AIM OF THE EXERCISE — Write out the data below exactly, beginning with the first line and ending once the line that has "Photo of a squirrel" is written.

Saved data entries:
-*-*-

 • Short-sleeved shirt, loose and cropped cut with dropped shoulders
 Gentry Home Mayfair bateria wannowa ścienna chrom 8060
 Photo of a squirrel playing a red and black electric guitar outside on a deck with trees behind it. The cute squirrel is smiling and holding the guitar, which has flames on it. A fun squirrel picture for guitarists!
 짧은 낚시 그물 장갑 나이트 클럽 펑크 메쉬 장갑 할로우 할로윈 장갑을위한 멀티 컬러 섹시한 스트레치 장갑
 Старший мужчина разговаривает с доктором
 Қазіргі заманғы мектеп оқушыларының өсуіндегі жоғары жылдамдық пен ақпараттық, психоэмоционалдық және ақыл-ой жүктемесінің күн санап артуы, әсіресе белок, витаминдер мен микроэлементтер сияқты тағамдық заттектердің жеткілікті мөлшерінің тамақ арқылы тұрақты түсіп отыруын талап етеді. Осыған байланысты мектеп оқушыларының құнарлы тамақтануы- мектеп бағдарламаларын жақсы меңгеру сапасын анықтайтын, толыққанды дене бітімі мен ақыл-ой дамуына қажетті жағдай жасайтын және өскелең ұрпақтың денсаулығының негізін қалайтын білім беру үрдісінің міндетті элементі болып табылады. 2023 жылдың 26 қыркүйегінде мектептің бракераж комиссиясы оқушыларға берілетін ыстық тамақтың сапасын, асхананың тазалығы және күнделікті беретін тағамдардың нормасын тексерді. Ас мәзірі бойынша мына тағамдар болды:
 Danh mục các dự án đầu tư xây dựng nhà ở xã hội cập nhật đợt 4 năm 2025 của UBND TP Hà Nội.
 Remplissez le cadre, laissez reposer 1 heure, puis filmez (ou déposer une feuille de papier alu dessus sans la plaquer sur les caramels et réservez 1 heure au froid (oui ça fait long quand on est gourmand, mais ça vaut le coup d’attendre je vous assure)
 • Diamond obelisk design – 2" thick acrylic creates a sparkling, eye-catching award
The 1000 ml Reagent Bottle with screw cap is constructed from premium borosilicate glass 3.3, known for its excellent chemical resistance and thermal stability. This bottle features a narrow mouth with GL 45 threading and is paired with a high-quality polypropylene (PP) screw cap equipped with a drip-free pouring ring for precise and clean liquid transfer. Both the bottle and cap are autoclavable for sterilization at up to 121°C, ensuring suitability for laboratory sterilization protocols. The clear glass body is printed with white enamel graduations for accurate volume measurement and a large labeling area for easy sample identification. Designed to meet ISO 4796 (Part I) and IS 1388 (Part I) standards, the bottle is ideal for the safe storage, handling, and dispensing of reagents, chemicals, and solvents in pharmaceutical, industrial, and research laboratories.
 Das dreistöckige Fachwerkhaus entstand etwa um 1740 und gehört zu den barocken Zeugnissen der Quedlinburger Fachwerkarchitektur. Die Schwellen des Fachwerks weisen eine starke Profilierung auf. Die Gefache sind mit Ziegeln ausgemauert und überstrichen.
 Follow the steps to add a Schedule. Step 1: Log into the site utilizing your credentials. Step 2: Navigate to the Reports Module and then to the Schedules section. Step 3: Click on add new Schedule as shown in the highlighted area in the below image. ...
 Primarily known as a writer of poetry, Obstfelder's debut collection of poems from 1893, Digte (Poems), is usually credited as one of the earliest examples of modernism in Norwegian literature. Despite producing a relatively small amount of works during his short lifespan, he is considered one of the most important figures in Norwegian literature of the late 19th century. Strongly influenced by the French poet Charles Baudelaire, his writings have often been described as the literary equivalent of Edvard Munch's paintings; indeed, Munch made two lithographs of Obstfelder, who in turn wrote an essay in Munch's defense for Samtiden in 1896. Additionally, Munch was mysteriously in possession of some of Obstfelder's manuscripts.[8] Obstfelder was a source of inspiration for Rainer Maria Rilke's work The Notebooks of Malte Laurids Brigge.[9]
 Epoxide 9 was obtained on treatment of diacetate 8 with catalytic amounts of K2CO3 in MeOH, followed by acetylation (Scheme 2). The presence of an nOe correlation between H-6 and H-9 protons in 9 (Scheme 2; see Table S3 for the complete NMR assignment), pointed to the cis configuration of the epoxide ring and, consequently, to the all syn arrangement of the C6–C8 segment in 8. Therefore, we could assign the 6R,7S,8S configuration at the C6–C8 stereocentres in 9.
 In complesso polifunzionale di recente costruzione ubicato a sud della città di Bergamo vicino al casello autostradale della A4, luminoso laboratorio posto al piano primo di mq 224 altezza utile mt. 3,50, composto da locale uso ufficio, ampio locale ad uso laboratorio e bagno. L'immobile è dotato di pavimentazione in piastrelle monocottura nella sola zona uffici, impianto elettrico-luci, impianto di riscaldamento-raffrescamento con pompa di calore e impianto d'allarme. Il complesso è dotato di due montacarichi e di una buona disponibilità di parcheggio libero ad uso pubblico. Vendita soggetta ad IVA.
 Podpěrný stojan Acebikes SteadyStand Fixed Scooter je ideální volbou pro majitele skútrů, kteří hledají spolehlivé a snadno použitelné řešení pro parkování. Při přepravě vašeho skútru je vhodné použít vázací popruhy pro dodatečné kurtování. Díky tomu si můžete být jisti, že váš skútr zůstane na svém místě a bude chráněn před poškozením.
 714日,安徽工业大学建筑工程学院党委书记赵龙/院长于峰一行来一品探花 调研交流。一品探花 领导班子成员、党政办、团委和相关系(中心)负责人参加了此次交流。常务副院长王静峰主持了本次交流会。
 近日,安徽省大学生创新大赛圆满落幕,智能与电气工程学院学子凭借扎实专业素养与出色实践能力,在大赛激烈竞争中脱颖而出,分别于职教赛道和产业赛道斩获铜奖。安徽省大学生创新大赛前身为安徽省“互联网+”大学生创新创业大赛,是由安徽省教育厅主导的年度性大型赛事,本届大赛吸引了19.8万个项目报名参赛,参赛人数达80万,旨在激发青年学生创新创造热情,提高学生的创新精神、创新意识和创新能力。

-*-*-

TASK ANSWER —
 • Short-sleeved shirt, loose and cropped cut with dropped shoulders
 Gentry Home Mayfair bateria wannowa ścienna chrom 8060
 Photo of a squirrel playing a red and black electric guitar outside on a deck with trees behind it. The cute squirrel is smiling and holding the guitar, which has flames on it. A fun squirrel picture for guitarists!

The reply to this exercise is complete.